(Beginning of DATA EXTRACT)
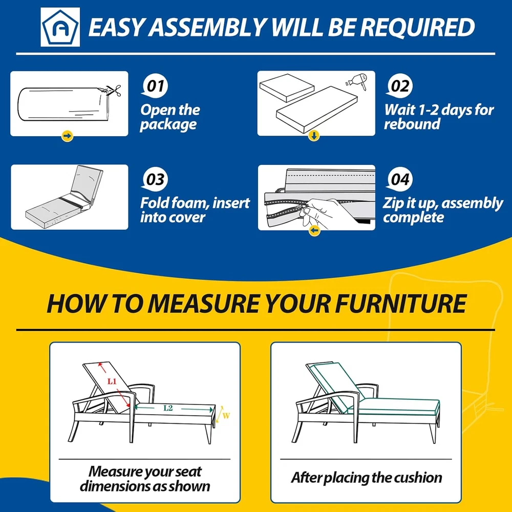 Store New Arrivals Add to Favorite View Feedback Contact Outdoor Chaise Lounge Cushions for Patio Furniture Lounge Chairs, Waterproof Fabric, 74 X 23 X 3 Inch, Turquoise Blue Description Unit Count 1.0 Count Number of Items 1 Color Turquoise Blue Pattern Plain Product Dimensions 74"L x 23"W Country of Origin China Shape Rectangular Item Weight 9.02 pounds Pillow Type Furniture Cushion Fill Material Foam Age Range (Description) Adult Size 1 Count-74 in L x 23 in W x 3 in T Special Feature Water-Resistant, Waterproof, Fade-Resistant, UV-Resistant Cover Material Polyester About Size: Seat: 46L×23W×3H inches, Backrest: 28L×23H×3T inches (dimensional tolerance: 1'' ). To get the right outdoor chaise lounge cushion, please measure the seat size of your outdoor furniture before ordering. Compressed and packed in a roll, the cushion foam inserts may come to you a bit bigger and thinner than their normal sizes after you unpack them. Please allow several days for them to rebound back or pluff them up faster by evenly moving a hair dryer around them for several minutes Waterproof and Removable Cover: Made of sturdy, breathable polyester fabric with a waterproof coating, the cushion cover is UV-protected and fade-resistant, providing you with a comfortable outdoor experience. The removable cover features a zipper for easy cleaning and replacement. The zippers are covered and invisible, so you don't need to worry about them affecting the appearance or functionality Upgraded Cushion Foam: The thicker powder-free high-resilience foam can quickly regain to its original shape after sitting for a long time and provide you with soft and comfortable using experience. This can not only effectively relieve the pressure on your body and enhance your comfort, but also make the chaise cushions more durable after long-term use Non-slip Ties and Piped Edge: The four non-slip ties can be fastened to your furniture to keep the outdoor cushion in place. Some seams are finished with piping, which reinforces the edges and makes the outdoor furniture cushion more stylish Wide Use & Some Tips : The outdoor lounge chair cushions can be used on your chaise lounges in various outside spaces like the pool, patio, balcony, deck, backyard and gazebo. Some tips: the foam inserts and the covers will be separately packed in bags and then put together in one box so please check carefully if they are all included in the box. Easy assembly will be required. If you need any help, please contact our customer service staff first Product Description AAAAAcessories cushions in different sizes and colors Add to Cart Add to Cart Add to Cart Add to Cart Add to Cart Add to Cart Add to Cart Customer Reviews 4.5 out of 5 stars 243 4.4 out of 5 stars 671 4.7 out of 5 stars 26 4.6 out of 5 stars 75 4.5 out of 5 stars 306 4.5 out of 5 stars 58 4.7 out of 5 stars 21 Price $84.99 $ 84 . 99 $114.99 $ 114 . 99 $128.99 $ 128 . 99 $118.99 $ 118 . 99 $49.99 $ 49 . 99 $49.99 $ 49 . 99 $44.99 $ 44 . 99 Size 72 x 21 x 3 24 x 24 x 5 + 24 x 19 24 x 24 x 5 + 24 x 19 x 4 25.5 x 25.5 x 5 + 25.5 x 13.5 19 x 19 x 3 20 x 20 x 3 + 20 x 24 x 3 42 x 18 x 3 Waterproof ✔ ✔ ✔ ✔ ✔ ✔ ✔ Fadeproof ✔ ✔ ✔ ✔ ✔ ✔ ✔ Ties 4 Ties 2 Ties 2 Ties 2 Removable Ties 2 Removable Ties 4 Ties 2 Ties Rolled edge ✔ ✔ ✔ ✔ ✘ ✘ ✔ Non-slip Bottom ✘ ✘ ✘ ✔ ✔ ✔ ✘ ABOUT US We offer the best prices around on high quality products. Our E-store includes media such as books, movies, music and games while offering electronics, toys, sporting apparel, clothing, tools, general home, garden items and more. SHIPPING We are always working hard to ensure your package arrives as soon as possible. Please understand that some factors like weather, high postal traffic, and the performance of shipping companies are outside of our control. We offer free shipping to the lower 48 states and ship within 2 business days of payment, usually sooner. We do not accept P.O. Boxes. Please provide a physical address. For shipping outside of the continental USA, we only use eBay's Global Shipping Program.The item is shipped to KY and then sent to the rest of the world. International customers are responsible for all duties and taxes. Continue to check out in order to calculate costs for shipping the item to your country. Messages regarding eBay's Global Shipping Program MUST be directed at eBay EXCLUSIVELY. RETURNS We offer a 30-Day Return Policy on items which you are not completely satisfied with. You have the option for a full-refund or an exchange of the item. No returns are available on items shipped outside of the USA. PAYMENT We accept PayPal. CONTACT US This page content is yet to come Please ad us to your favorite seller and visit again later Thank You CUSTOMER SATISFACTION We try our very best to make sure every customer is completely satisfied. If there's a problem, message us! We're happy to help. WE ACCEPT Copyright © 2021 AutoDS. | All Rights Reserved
(End of DATA EXTRACT)
(Beginning of DATA EXTRACT)
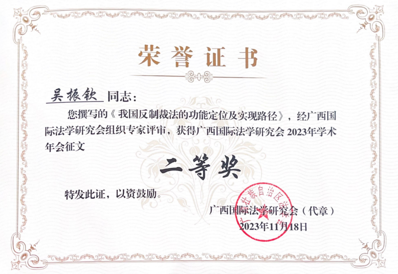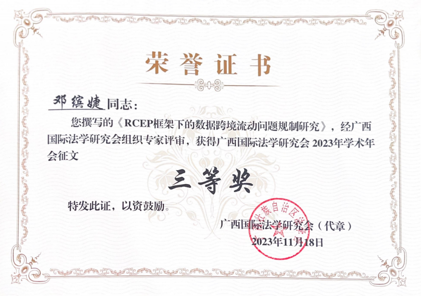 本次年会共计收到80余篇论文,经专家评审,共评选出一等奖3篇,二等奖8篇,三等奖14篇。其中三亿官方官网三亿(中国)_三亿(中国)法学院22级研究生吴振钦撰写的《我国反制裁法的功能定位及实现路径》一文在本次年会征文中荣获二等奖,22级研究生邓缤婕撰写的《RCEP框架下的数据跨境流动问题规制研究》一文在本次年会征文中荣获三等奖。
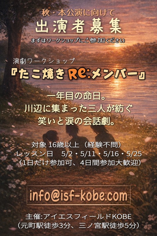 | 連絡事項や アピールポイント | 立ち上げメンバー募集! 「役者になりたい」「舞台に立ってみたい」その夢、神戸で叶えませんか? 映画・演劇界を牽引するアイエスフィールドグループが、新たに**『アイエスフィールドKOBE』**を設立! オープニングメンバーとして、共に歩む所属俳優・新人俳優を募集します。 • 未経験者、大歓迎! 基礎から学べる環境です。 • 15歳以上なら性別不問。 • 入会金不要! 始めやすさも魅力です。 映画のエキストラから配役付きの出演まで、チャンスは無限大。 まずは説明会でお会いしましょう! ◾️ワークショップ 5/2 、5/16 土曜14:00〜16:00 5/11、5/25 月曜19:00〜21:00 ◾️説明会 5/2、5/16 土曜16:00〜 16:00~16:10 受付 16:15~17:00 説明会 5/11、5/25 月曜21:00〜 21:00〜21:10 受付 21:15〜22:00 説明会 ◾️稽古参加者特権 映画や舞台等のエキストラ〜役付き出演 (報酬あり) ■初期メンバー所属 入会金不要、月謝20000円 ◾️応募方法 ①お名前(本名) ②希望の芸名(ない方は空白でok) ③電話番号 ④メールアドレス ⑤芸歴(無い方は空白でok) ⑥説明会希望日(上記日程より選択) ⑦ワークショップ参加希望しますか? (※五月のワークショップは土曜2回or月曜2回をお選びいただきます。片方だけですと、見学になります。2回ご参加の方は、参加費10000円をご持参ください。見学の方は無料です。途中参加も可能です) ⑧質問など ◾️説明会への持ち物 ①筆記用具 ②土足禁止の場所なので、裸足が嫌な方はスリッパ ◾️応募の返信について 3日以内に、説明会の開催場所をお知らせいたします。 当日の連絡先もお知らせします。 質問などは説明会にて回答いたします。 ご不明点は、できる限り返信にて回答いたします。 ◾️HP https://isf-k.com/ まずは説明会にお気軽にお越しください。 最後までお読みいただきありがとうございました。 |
(End of DATA EXTRACT)
The expected output is the lines above from the one containing "本次年会共计收到80余篇论文" to the one containing "まずは説明会にお気軽にお越しください。 最後までお読みいただきありがとうございました。 |", both ends included, reproduced exactly with every picture left out.

 本次年会共计收到80余篇论文,经专家评审,共评选出一等奖3篇,二等奖8篇,三等奖14篇。其中三亿官方官网三亿(中国)_三亿(中国)法学院22级研究生吴振钦撰写的《我国反制裁法的功能定位及实现路径》一文在本次年会征文中荣获二等奖,22级研究生邓缤婕撰写的《RCEP框架下的数据跨境流动问题规制研究》一文在本次年会征文中荣获三等奖。
 | 連絡事項や アピールポイント | 立ち上げメンバー募集! 「役者になりたい」「舞台に立ってみたい」その夢、神戸で叶えませんか? 映画・演劇界を牽引するアイエスフィールドグループが、新たに**『アイエスフィールドKOBE』**を設立! オープニングメンバーとして、共に歩む所属俳優・新人俳優を募集します。 • 未経験者、大歓迎! 基礎から学べる環境です。 • 15歳以上なら性別不問。 • 入会金不要! 始めやすさも魅力です。 映画のエキストラから配役付きの出演まで、チャンスは無限大。 まずは説明会でお会いしましょう! ◾️ワークショップ 5/2 、5/16 土曜14:00〜16:00 5/11、5/25 月曜19:00〜21:00 ◾️説明会 5/2、5/16 土曜16:00〜 16:00~16:10 受付 16:15~17:00 説明会 5/11、5/25 月曜21:00〜 21:00〜21:10 受付 21:15〜22:00 説明会 ◾️稽古参加者特権 映画や舞台等のエキストラ〜役付き出演 (報酬あり) ■初期メンバー所属 入会金不要、月謝20000円 ◾️応募方法 ①お名前(本名) ②希望の芸名(ない方は空白でok) ③電話番号 ④メールアドレス ⑤芸歴(無い方は空白でok) ⑥説明会希望日(上記日程より選択) ⑦ワークショップ参加希望しますか? (※五月のワークショップは土曜2回or月曜2回をお選びいただきます。片方だけですと、見学になります。2回ご参加の方は、参加費10000円をご持参ください。見学の方は無料です。途中参加も可能です) ⑧質問など ◾️説明会への持ち物 ①筆記用具 ②土足禁止の場所なので、裸足が嫌な方はスリッパ ◾️応募の返信について 3日以内に、説明会の開催場所をお知らせいたします。 当日の連絡先もお知らせします。 質問などは説明会にて回答いたします。 ご不明点は、できる限り返信にて回答いたします。 ◾️HP https://isf-k.com/ まずは説明会にお気軽にお越しください。 最後までお読みいただきありがとうございました。 |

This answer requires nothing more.